夜勤(後編)

 朝からなんとなく憂鬱ゆううつな気分で足が重い。それでも、仕事なので気を取り直して病室へ向かう。


 その日は、亡くなったばかりの患者がいた部屋を見まわることになったが、その部屋は男性の4人部屋で、亡くなった男性以外の3人の患者が寝ている。


 別に一人きりになる訳ではないので、恐ろしいとは感じていなかった。


 いつも通りに病室の扉を静かに開けて、中へ足を踏み入れる。


 そして小さなライトを、部屋の中に向けた———その時。


 思いもよらぬのものが、目に飛び込んできた。



 正面のカーテンの前に、男性が後ろ向きで立っている———。



 患者が亡くなった。という言葉が脳裏を過り、サクラは硬直してしまった。一瞬、頭の中が真っ白になり、恐怖よりも先に、


 ———幽霊って、本当にいるんだな……。


 と心の中でつぶやいた。


 手持ちのライトの光が当たっている男性の、身体の一部は透けていて、後ろのカーテンが見えている。目の前に立っているのが生きている人間なら、後ろのカーテンが見えるはずがない———。思考回路が停止していても、それが分かった。
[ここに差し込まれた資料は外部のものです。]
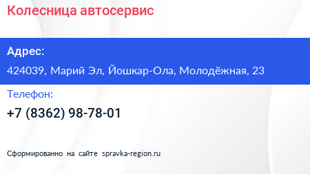 Колесница, автосервис по адресу 424039, Марий Эл, Йошкар-Ола, Молодёжная, 23 в дальнейшем Организация, размещена в следующих категориях: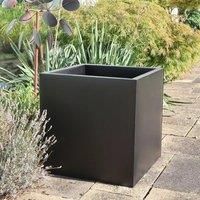 Introducing this sleek and durable cube planter crafted from aluzinc, measuring 50cm on each side. This versatile tree planter boasts ample space, perfect for accommodating large trees. Its modern design and sturdy construction make it an ideal choice for those seeking an extra large plant pot for trees, blending functionality with contemporary style. | Woven Wood 50cm Zinc Galvanised Matte Black Square Planter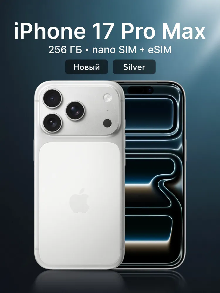 Apple Смартфон iPhone 17 Pro Max, Dual: nano SIM + eSIM Global 12/256 ГБ, серебристый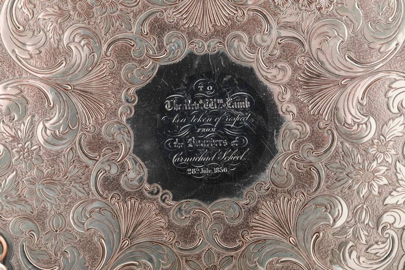 Grande salver in metallo inciso. Inghilterra, Londra, datato 1836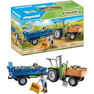 PLAYMOBIL Country 71249 Trattore con rimorchio, incl. cassete per Il Trasporto, Trattore Verde per la Fattoria Biologica, Giocattolo sostenibile per Bambini dai 4 Anni in su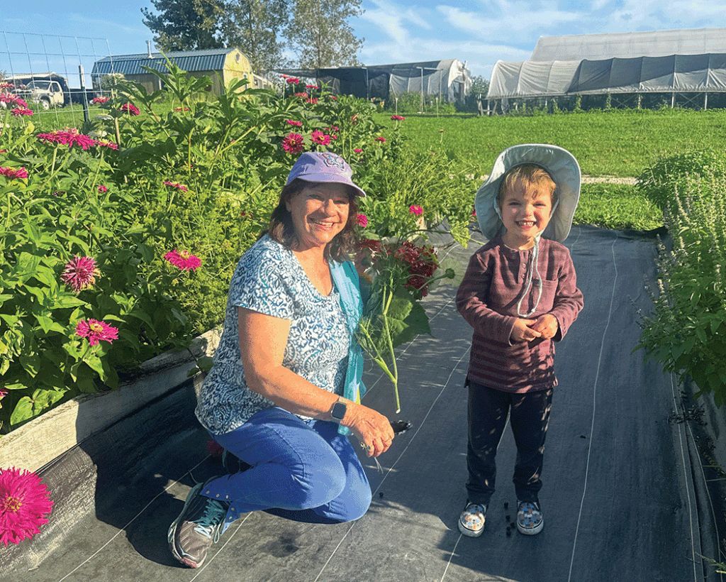 The nursery is only one part of the farm. In addition to the production greenhouse where fresh greens are sprouting, raised garden beds cover about an acre of land. The beds are full of berries, vegetables, herbs, and an abundance of flowers. On Sundays during the summer, the farm opens to the public for a “U-pick” day, although Raines jokingly calls it something different. “Most people aren’t totally comfortable harvesting from the plants out here,” she says. “So I started calling it a ‘U-point.’ People point to what they want and I pick it for them.”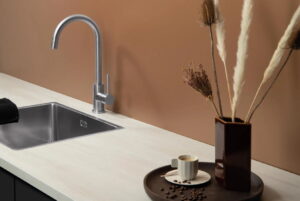 De rauwe industriële stadskeuken krijgt een exclusieve look door het stijlvolle natuursteen aanrechtblad in warme donkere grijs of bruin tinten. De kleur én het design van de zwarte Sturdy Black Selsiuz Hexagon kokend waterkraan (3-in1 kraan, 4-in-1 kraan en 5-in-1 kraan) springen eruit op bovenstaande foto van het Dekker Raw Luxury moodboard. De duurzame materialen steen, beton, hout en (verweerd) metaal zie je terug in de keuken van 2025: van aanrechtbladen, keukendeurtjes en achterwanden tot in de kleinste details: ambachtelijke accessoires.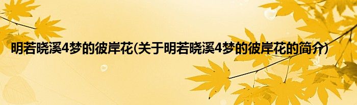 本文关于明若晓溪4梦的彼岸花的简介就讲解完毕,希望对大家有所帮助。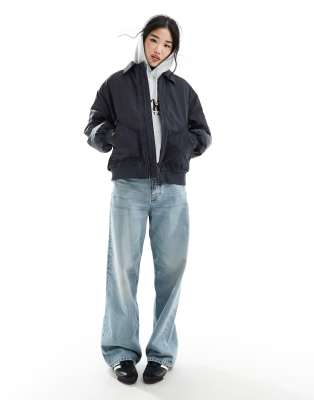 Stradivarius - STR - Veste bomber - Bleu marine délavé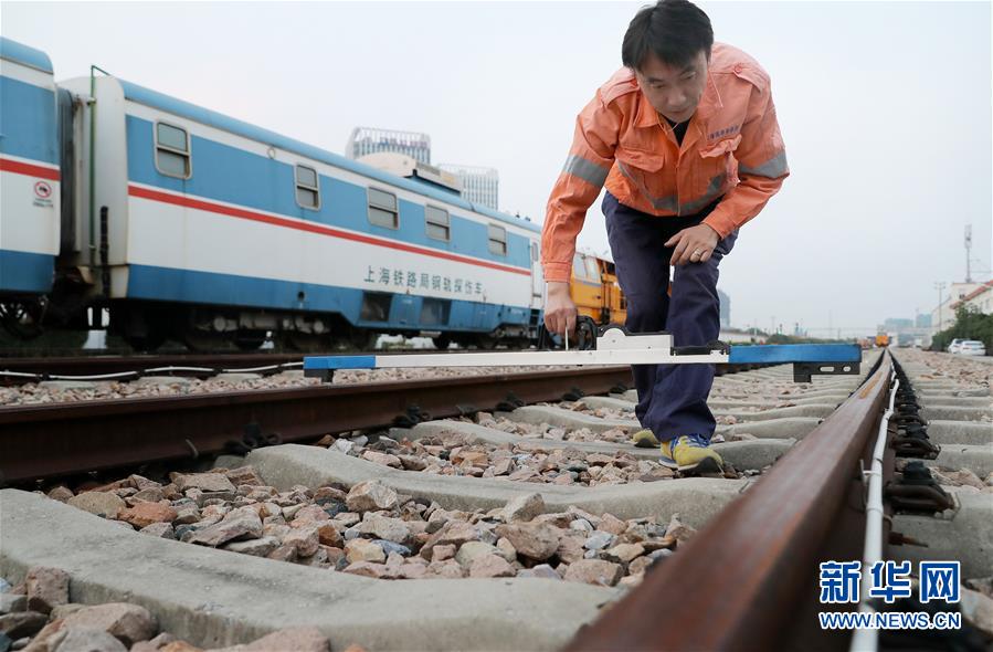 10月17日,李峰在上海何家灣站內(nèi)鐵軌上演示早期使用鋁合金道尺檢測鋼軌間距的操作。這一操作全憑檢修工人經(jīng)驗(yàn),近四公里的線路檢查,需要工人彎腰上千次。 新華社記者 方喆 攝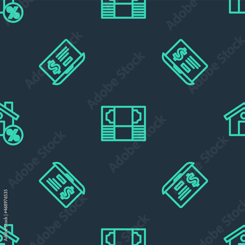 Set line Stacks paper money cash, Laptop with dollar and House percant discount on seamless pattern. Vector

 男性は後ろで手を組んで、カーテンが閉まっている窓から、外をながめているようだ。数日前に、男性患者が、同じように後ろで手を組んで外を眺めていた光景が、脳裏によみがえる。


 窓側のベッドにいた男性の術後の経過は良好で、もうすぐ退院するはずだったが、急に容態が悪化し、その日の内に亡くなったのだ。
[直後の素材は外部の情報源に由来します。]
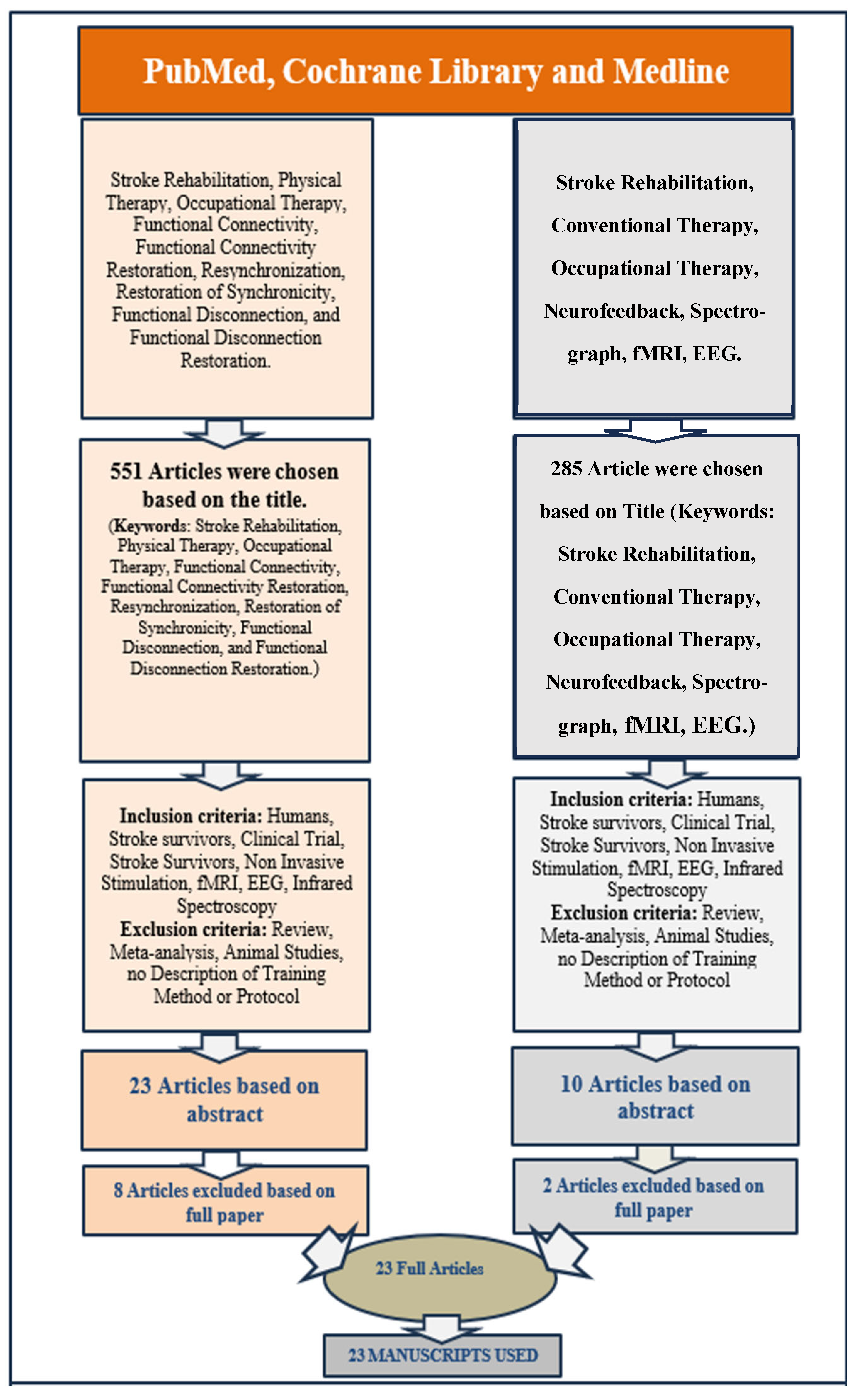 | (“stroke rehabilitation” OR “post-stroke rehabilitation”) AND (“physical therapy” OR “occupational therapy” OR “neuromodulation” OR “neurofeedback” OR “infrared spectrography” OR “fMRI” OR “quantitative EEG”) AND (“functional disconnection” OR “functional connectivity” OR “resynchronization” OR “restoration of synchronicity”) | Date range: 2015–2025 Human studies English language | Humans with a stroke Original clinical or real-world trials Non-invasive stimulation, imaging, or feedback-based interventions Focus on disruptions or restoration of functional connectivity | Reviews, meta-analyses Animal studies No described intervention No mention of connectivity/disconnection |
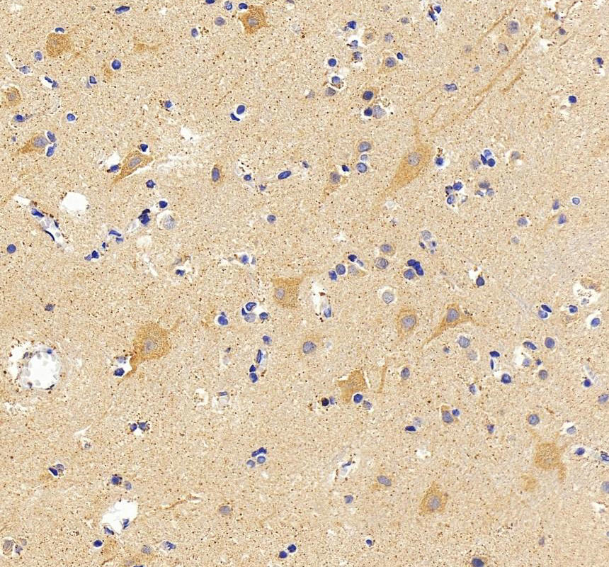 GSK3B was detected in a paraffin-embedded section of human brain tissue. The tissue section was incubated with rabbit anti-GSK3B Antibody (A00791-3) at a dilution of 1:200 and developed using HRP Conjugated Rabbit IgG Super Vision Assay Kit (Catalog # SV0002) with DAB (Catalog # AR1027) as the chromogen.

 そこでやっと、立っているのが亡くなった男性患者だと気付いたサクラは、恐怖のあまり声も出せず、身体が動かなくなってしまった。


 もうこれ以上男性の姿を見たくないと思っても、目をつむることもできない。ただ男性をライトで照らし続けたまま、その場に立ち尽くしていた。


 ———自分が怖がっているから、幻覚が見えただけだ……。


 何度もそう思い込もうとしたが、しばらくすると男性はゆっくりと振り返った。そして、


 サクラを見ながら、手招きをした。


 生きている頃と同じように、優しい笑みを浮かべて———。


 その瞬間、身体はガタガタと震え出して止まらなくなり、うまく呼吸ができなくなった。手持ちのライトの光が、ものすごい速さで左右に動いている。


 それでも、男性の姿は真っ暗な部屋の中でもハッキリと視えていて、生きている人間ではなく、霊なのだと思い知らされた。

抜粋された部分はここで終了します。